RECORDS FOR THE TASK:
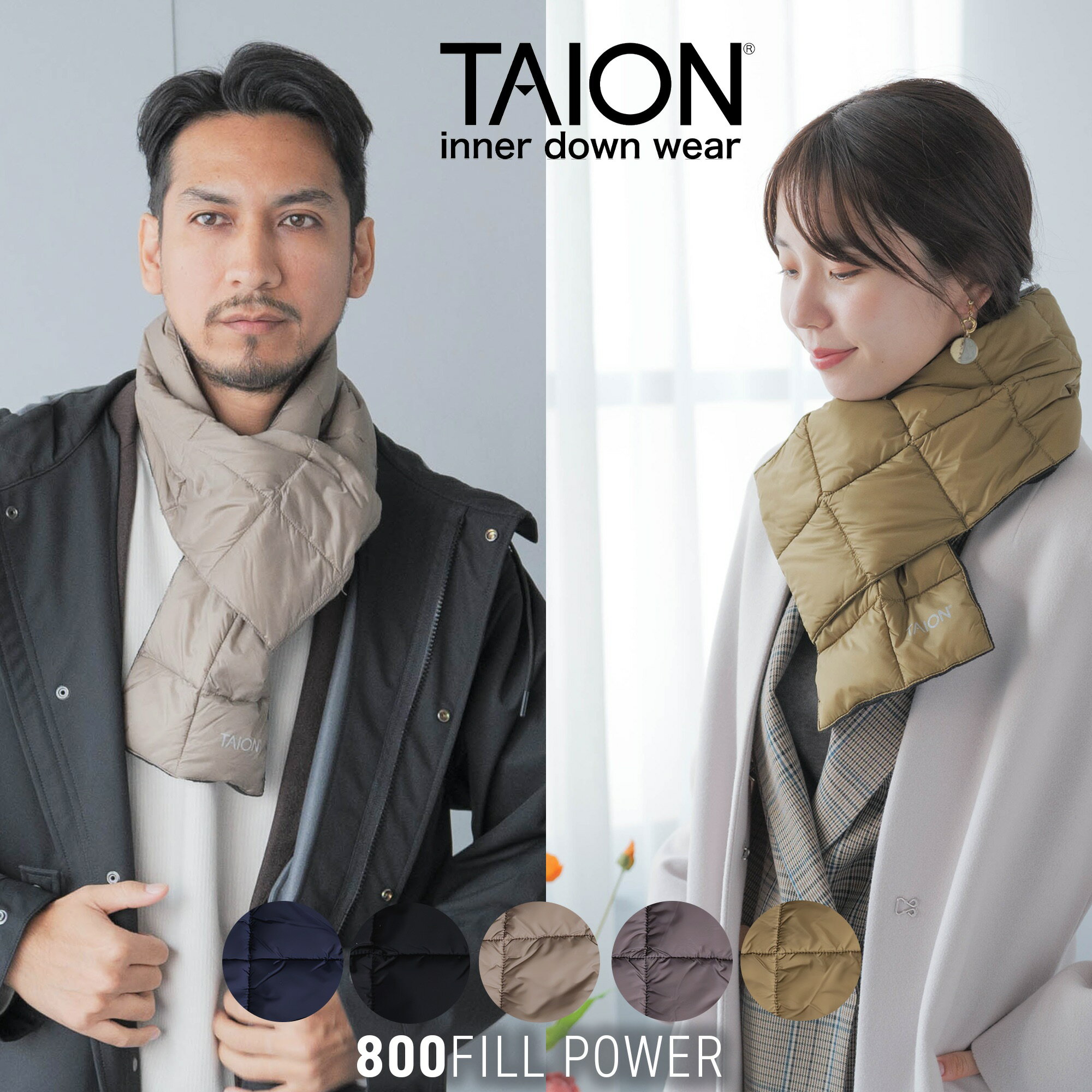 TAION-201A ベーシック ダウンマフラー メンズ レディース 男女兼用 冬 マフラー 800フィルパワー 防寒 通勤 通学 20代 30代 40代 50代 ビジネス カジュアル タイオン 体温 フリース素材 ベージュ カーキ グレー ネイビー ブラック プレゼント ギフト クリスマス 贈り物
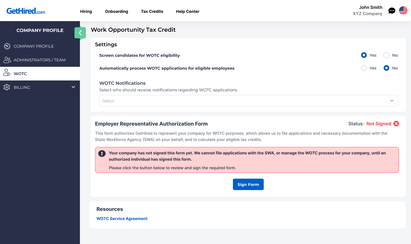 In addition to modifying your WOTC settings and notifications, you can also view copies of your signed ETA Form 9198 and the WOTC Service Agreement on the WOTC tab under your Company Profile.
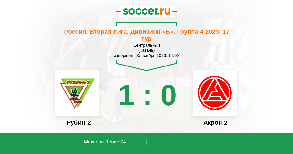 Протокол матча Рубин-2 против Акрон-2
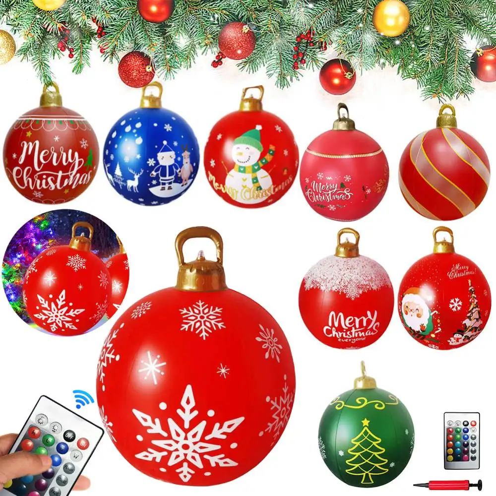 24 Inch Light Up PVC Inflatable Christmas Ball with Light Remote PVC Giant Inflatable Christmas Balls Christmas Decorations Ball
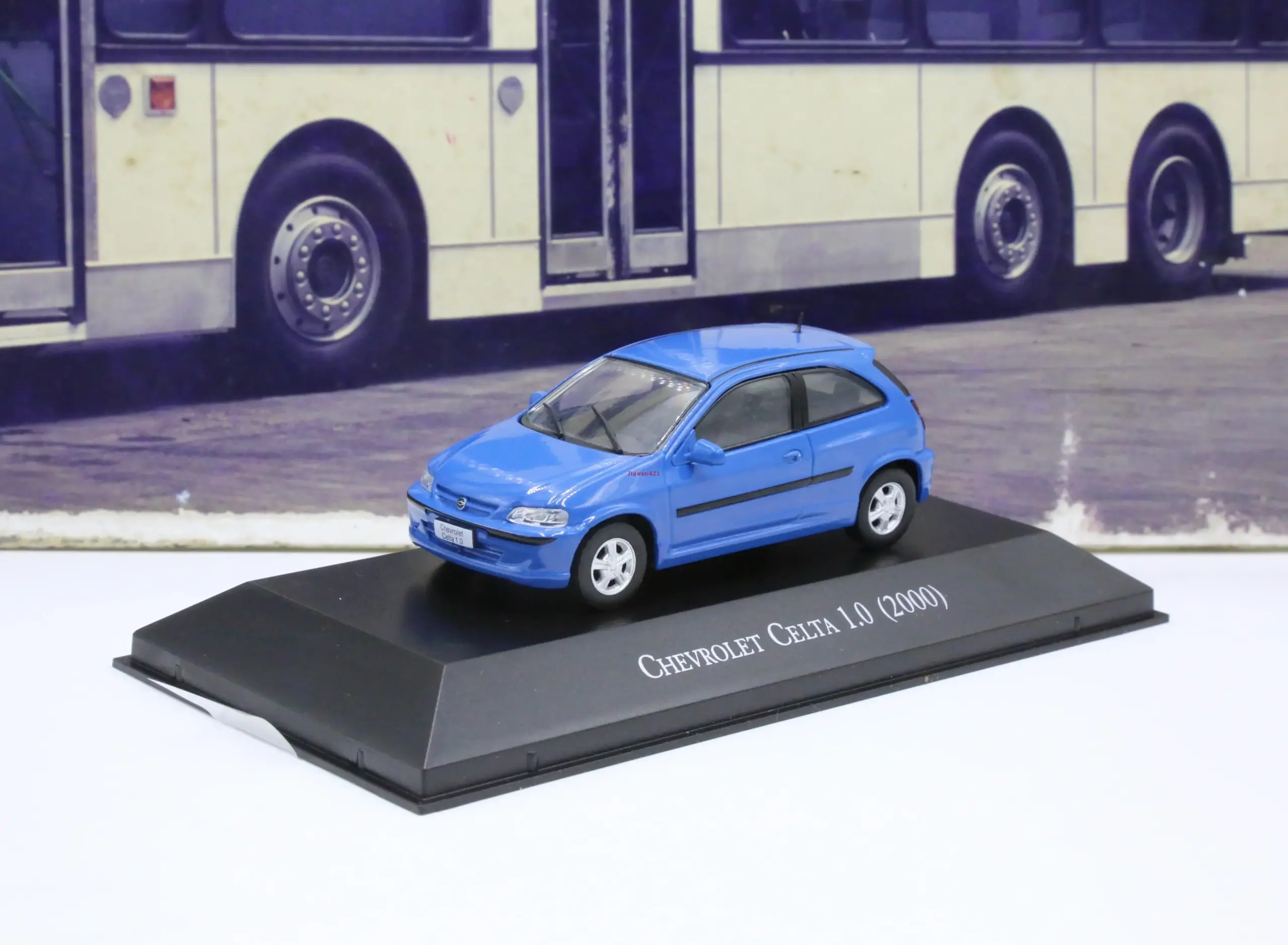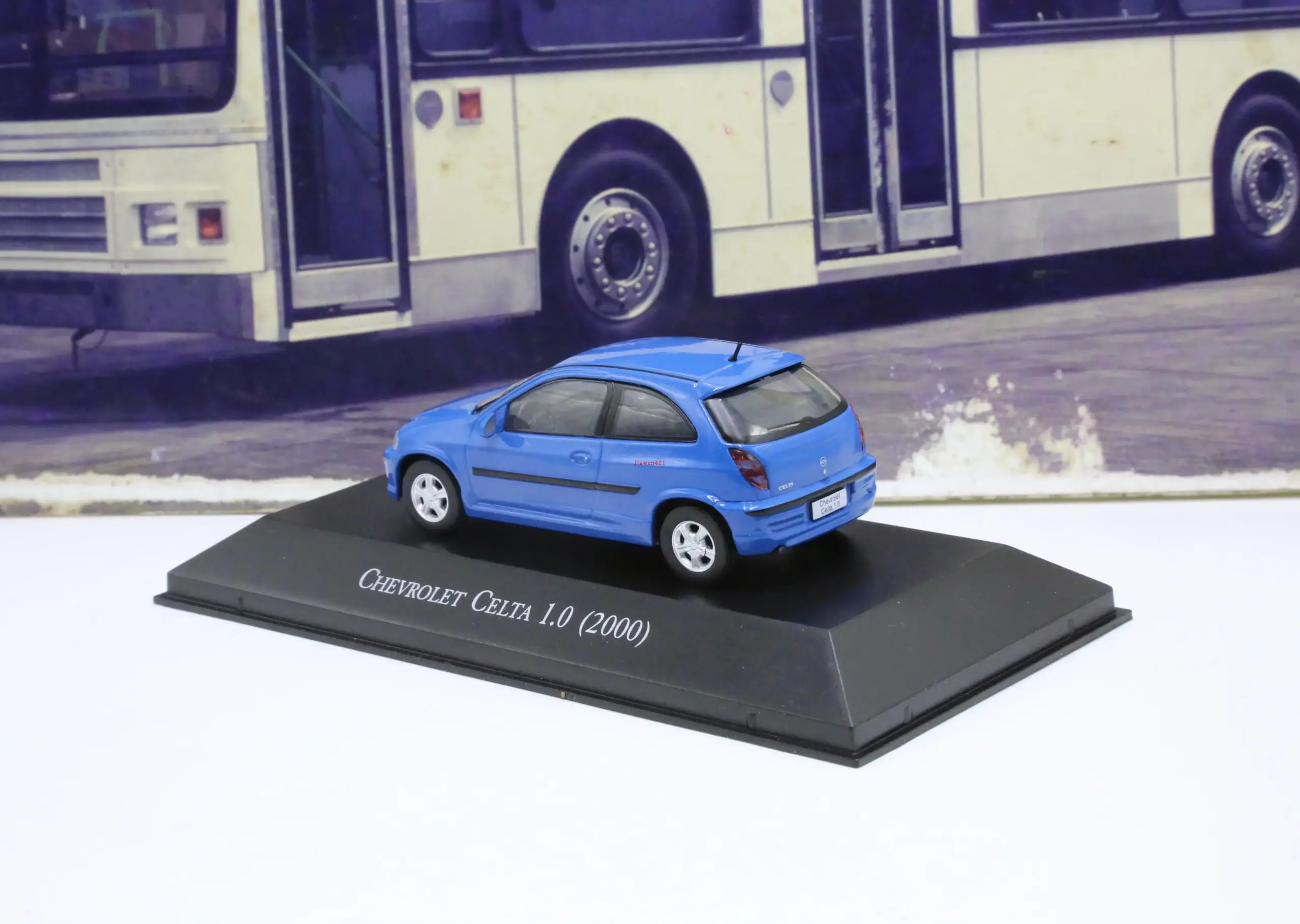Enhance your collection with this detailed 1:43 scale diecast model of a Chevrolet Celta 1.0 (2000), crafted from alloy and plastic. Measuring 18 x 11 x 8 cm, this realistic replica features a sleek light blue finish, meticulously designed windows, doors, side mirrors, and intricate wheel rims. Perfect for display, it comes in original packaging with a scenic background to emphasize its lifelike appearance. Designed for adult collectors aged 14 and above, it is a non-electrical, high-quality souvenir or gift item that captures the classic style and craftsmanship of the original vehicle.

WHAT TO WORK ON: Leave out the pictures and repeat the lines from the start of the material through the line with "In addition to", inclusive.

EXERCISE RESULT:
 TAION-201A ベーシック ダウンマフラー メンズ レディース 男女兼用 冬 マフラー 800フィルパワー 防寒 通勤 通学 20代 30代 40代 50代 ビジネス カジュアル タイオン 体温 フリース素材 ベージュ カーキ グレー ネイビー ブラック プレゼント ギフト クリスマス 贈り物
 In addition to modifying your WOTC settings and notifications, you can also view copies of your signed ETA Form 9198 and the WOTC Service Agreement on the WOTC tab under your Company Profile.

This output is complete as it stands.